Ultra-processed food that is linked to poor health outcomes should carry a warning similar to those on cigarette packs, a number of MPs have said.

Ultra-processed foods contain high levels of added fat, sugar and salt, are low in protein and fibre and contain artificial colourings, sweeteners and preservatives.

Ready meals, fizzy drinks and ice cream are popular examples of ultra-processed foods, but they are typically defined as foods which contain ingredients that people would not add when cooking at home.

Sir Greg Knight, a former Conservative minister, said: “There’s a case for looking again at our food-labelling laws and perhaps requiring ultra-processed food to carry a health warning, rather like we require cigarette packets to have to display such a warning.

“If we are to urge that ultra-processed food carries with it a label warning, that warning should be in a typeface large enough to be read without the use of a magnifying glass, so people know what it is they’re buying before they purchase it.”

Carol Monaghan, a SNP MP, added: “One of the issues with ultra-processed food is that it’s also ultra-addictive and then people want to have more of it, and we can’t help ourselves, but we don’t treat it like other ultra-addictive things like cigarettes and alcohol.

“The health implications could be just as serious. Is it time we do that?”

When opening the debate in Westminster Hall, Conservative MP Suzanne Webb, explained: “Ultra-processed food is food that tends to be high in fat, salt and sugar – food which is highly addictive.

“Awareness of what is ultra-processed food is actually fairly low but they are familiar foods in your shopping trolley.”

She continued: “They include pizza, ice cream, crisps, mass-produced bread, breakfast cereals, biscuits, carbonated drinks, fruit-flavoured yogurts, pre-packaged meals, sausages and other reconstituted meat products and some alcoholic drinks – including whisky, gin and rum.”

Although the MP for Stourbridge acknowledged the cost of living crisis, she said she is disappointed that the government has delayed the planned ban on two-for-one junk food deals, saying: “The food supply chain is, quite frankly, endorsing and promoting products that are linked to serious health outcomes.

“A good step forward would be to see an advertising watershed.
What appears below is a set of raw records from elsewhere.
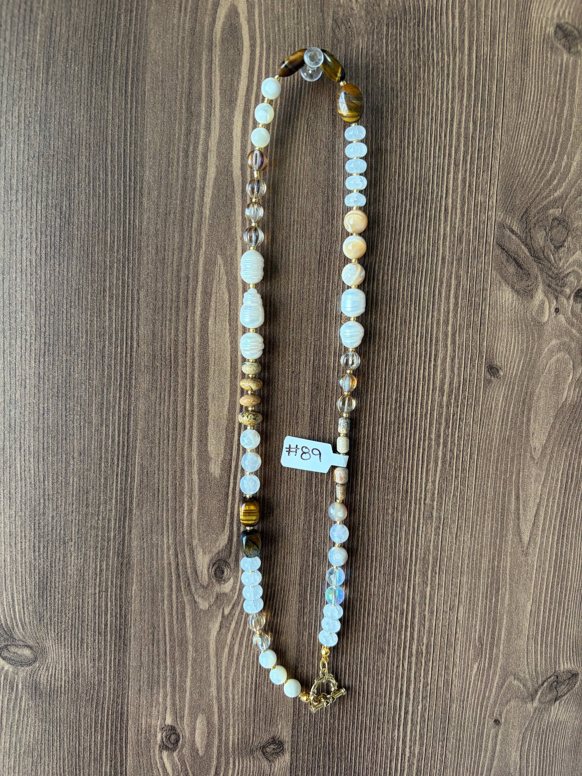 Handmade with repurposed pearl-like and glass beads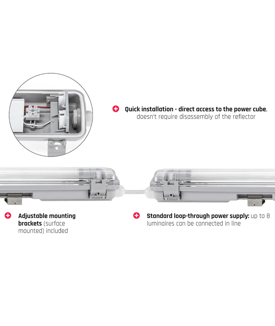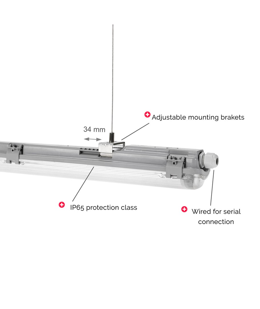 Oppgrader belysningen med en pålitelig og slitesterk belysningsløsning. Dette LED-armaturet er spesialdesignet for å passe 2x 120cm LED-rør og gir optimal lysytelse og effektivitet i en rekke miljøer.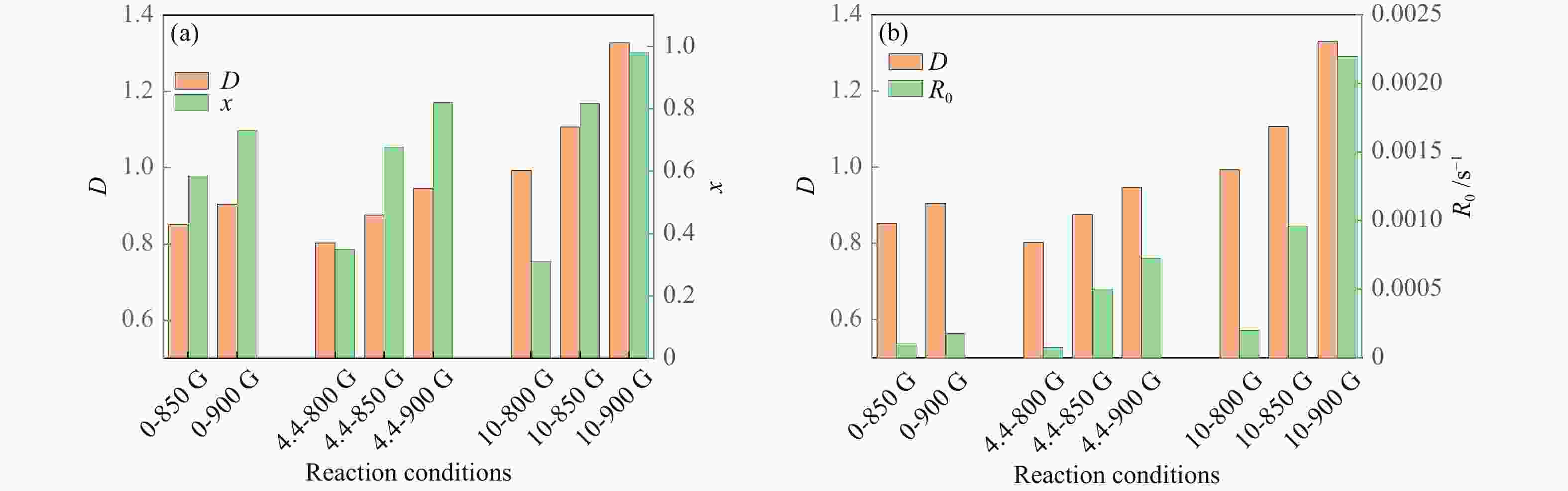 表 1 样品的工业分析和元素分析 Table 1. Proximate and ultimate analyses of tested samples Proximate analysis w/% Ultimate analysis wd/% Mad Ad Vd FCd C H N O* S 1.09 6.60 33.17 60.23 74.13 4.89 0.96 12.51 0.94 *: by difference; ad: air dried basis; d: dry basis 表 2 气化温度和催化剂负载量对分形维数的影响 Table 2. Effects of gasification temperature and catalyst loading on fractal dimension Gasification temperature/℃ Catalyst loading 0.0 4.4% 10.0% 800 0.803 0.993 850 0.852 0.876 1.107 900 0.904 0.947 1.329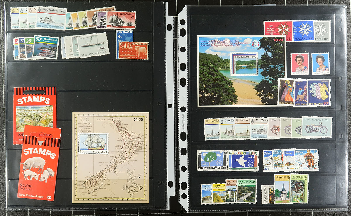 Nice collection / accumulation of primarily never hinged New Zealand, 1953-2003, containing roughly 725 stamps in roughly 15 stock pages. The lot generally ranges from Scott #288/1849, containing mostly sets, along with a few souvenir sheets, booklets, and semi-postal issues. A spot check indicated some material cataloguing $10 and up each, with the owner's 2018 Scott catalogue value for the lot totals US$1,093.00 ($1475.55 CDN), face value alone would be several hundreds dollars. A nice clean lot for collectors and dealers alike, with mild duplication throughout. Estimate =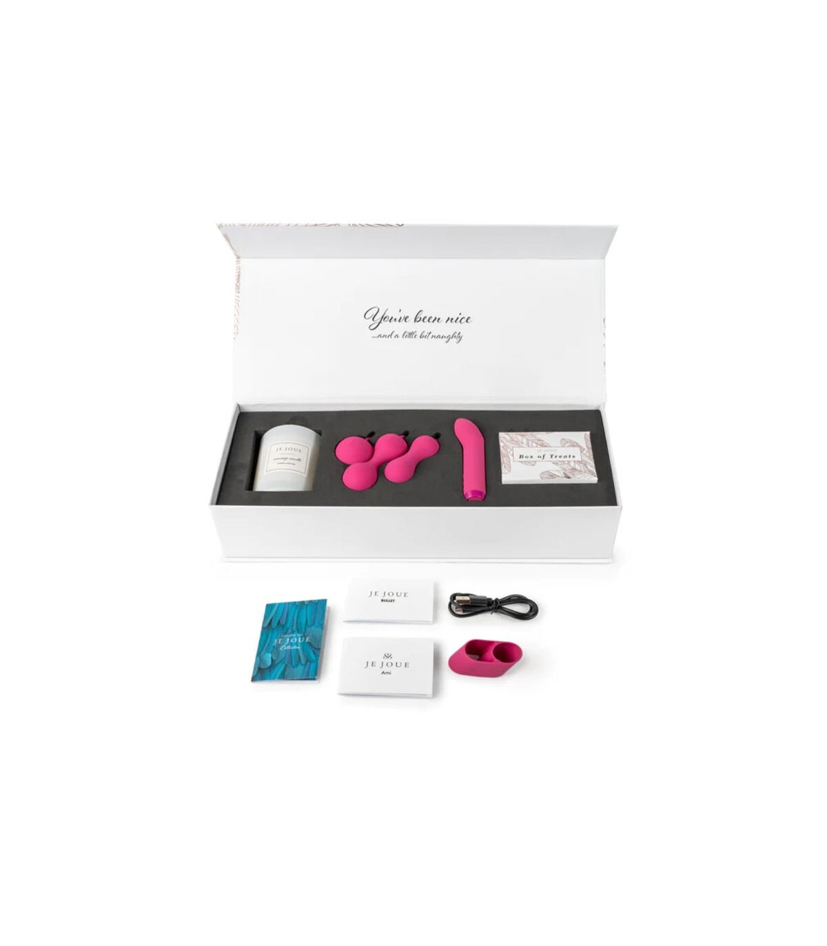 Bellamente empaquetada con el diseño de plumas de oro rosa de Je Joue, esta caja es más que un simple regalo, es un gesto de amor y una promesa de pasar más tiempo de calidad con la persona que amas. Mima a esa persona especial en tu vida con esta caja de regalo de bienestar sexual de edición limitada de Je Joue.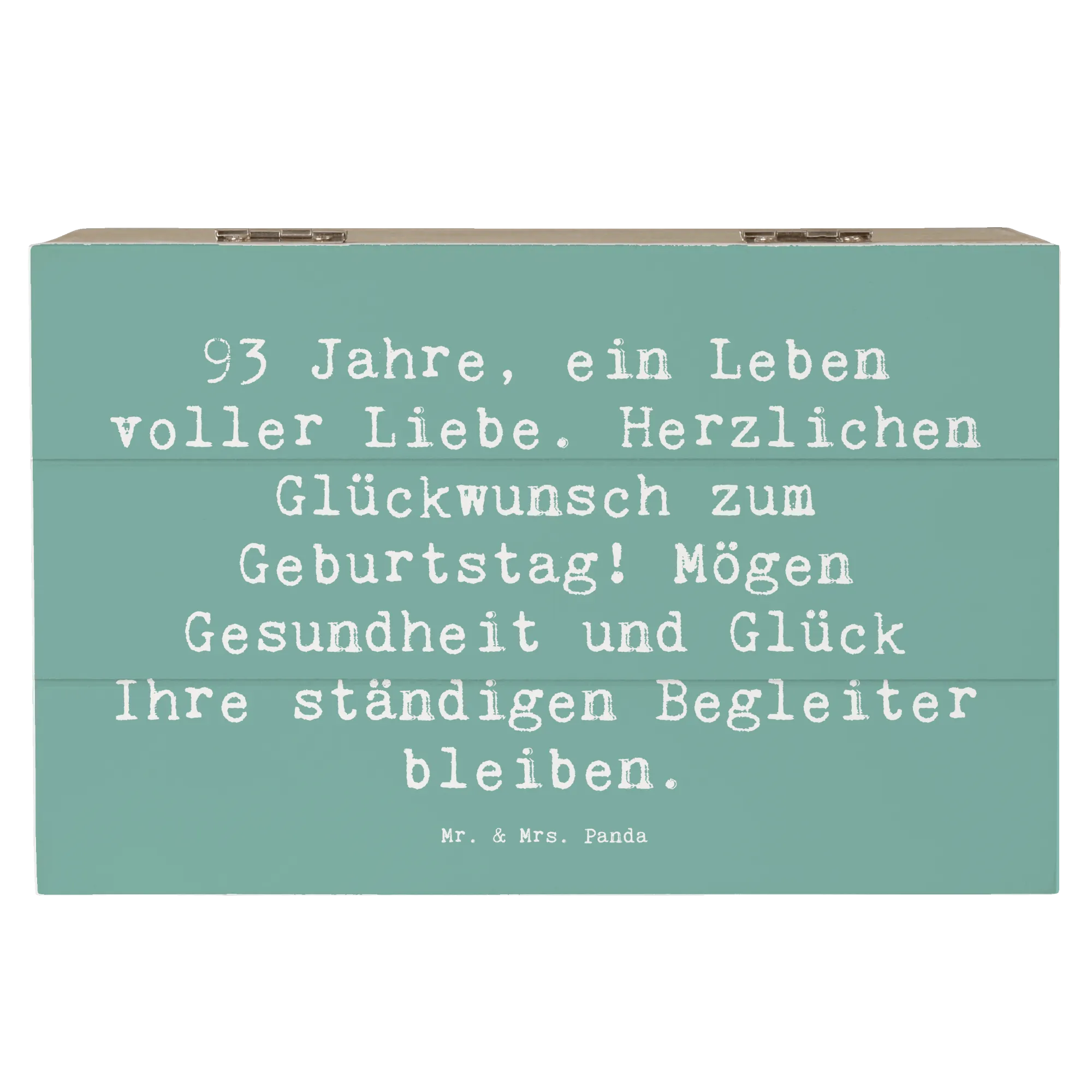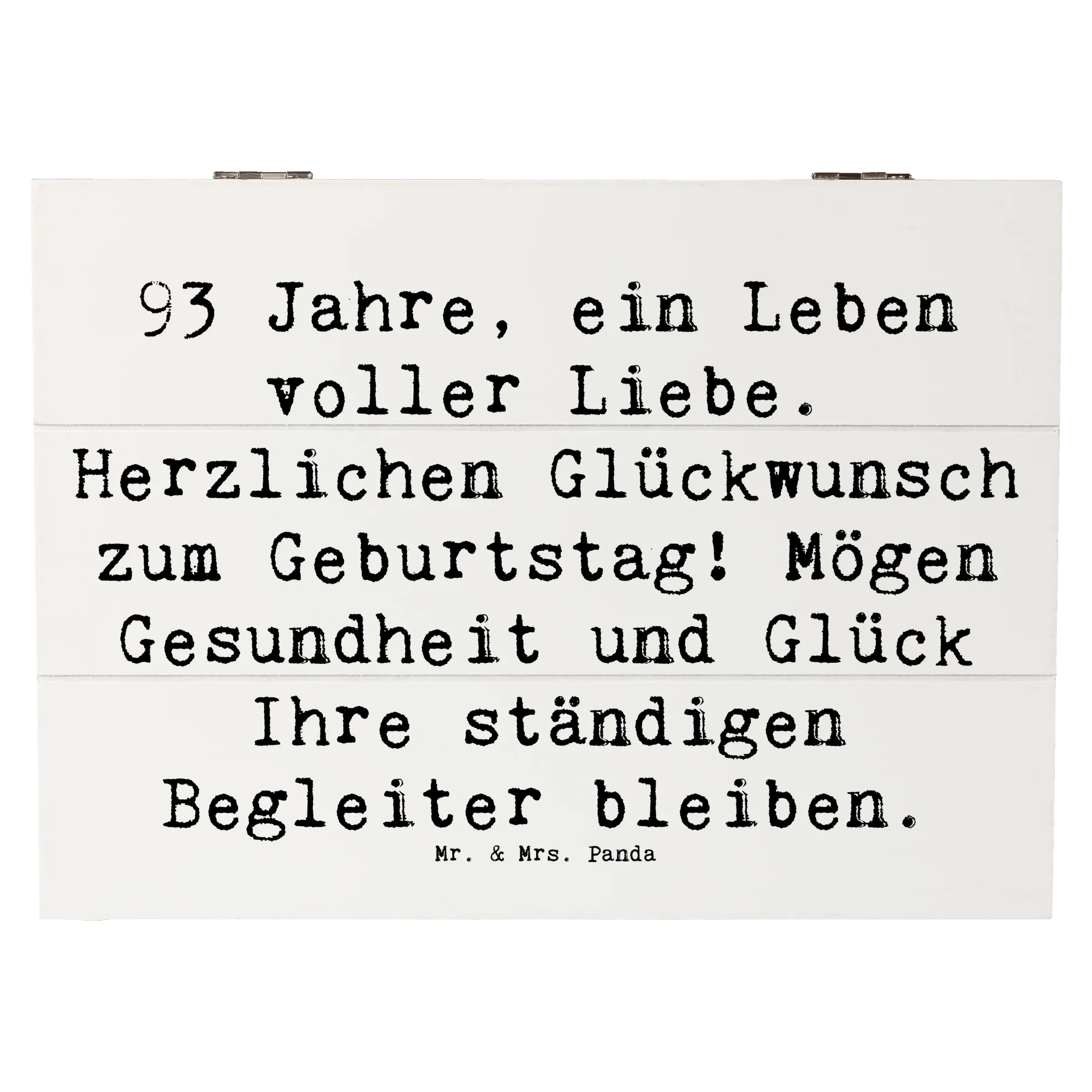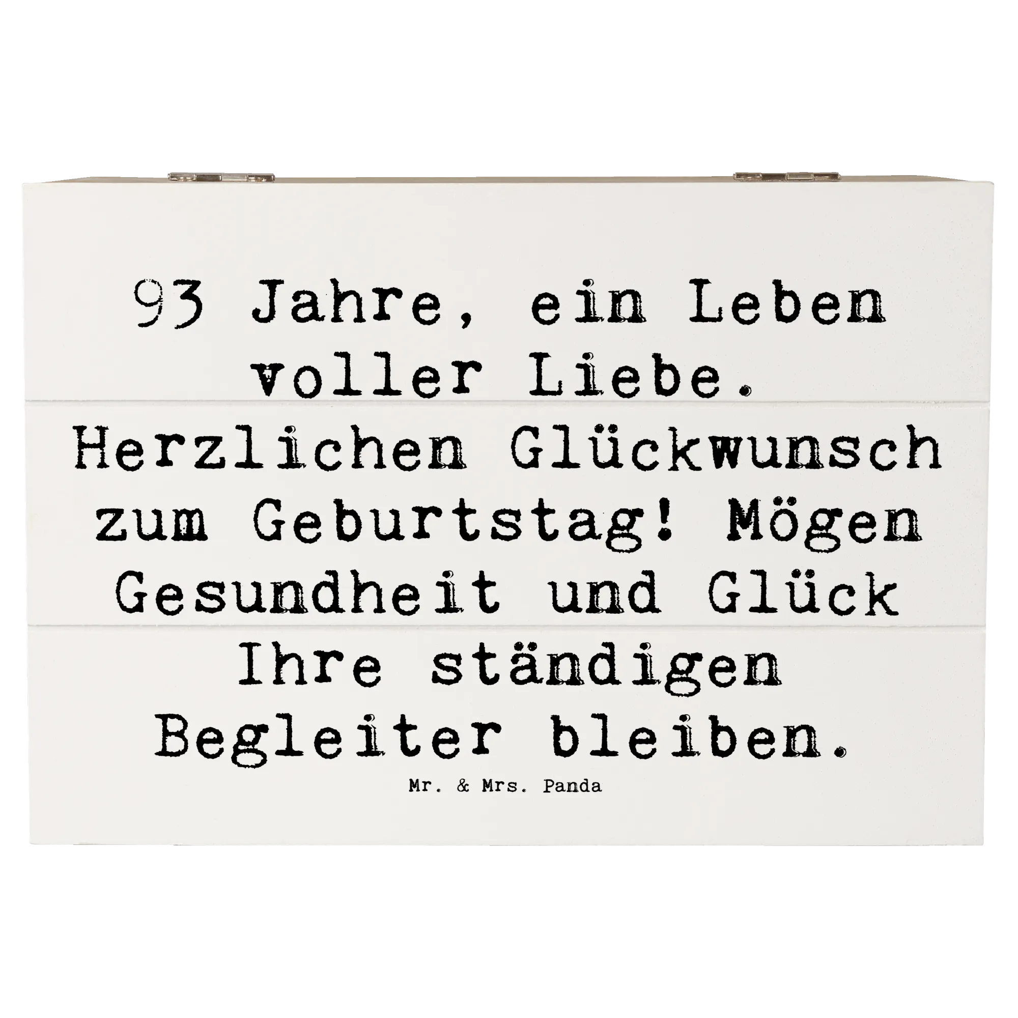 Die wunderschöne Holzkiste von Mr. & Mrs. Panda mit dem Motiv zum 93. Geburtstag ist das ideale Geschenk, um diesen besonderen Tag gebührend zu feiern! Mit dem liebevollen Spruch '93 Jahre, ein Leben voller Liebe. Herzlichen Glückwunsch zum Geburtstag! Mögen Gesundheit und Glück Ihre ständigen Begleiter bleiben.' bringt diese Erinnerungskiste nicht nur ein Lächeln ins Gesicht, sondern hält auch die wertvollsten Schätze und Erinnerungen der letzten 93 Jahre sicher aufbewahrt.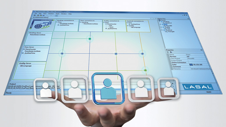 To perfectly reproduce this intelligent modularity in the software, a new tool is available in the object-oriented design environment LASAL: the Machine Manager. It enables the clearly organized display of individual software projects in a machine or system and regulates the communication of distributed intelligences in multi-CPU applications. Projects, which provide data are connected to the projects that should or can use the respective data. Data exchange with external system components and higher-level software can also be implemented with the help of the LASAL Machine Manager. This reduces the work for initial start-up, handling and maintenance, as well as simplifies the implementation of adaptive production strategies.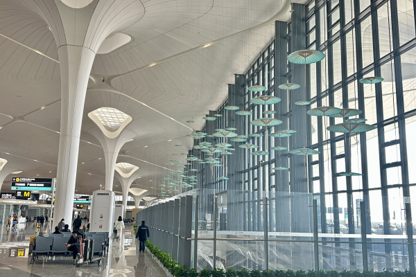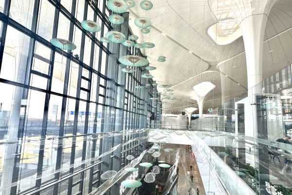 與傳統大型空間藝術展陳裝置不同的是,“煙雨江南”裝置不僅彰顯了地域文化風采,同時還具備空防安全的效用。自T4投運以來,25號門兩側、T4國內行李提取通道上空,因空間屬性特殊,存在一定的安全隱患。在民航浙江監管局空防處多次現場調研和寶貴建議下,航站區中心立足區域管理中心職責,主動作為、立題設項,組織多場內部研討,提出了建造兼具安全、美觀功能性裝置的破題思路,在管控空防安全隱患、減少安保人員配置的同時,持續賦能T4文化屬性。

Current advertising regulations are not going far enough to protect children from seeing a significant amount of unhealthy food adverts.”

Last year, researchers in China found that a diet heavily involving ultra-processed foods is linked to developing dementia.

The researchers found an association between ultra-processed foods and dementia in 70,000 middle-aged people after studying them for ten years. They discovered that the foods cause a build-up of cholesterol due to high fat content and restrict blood flow to the brain.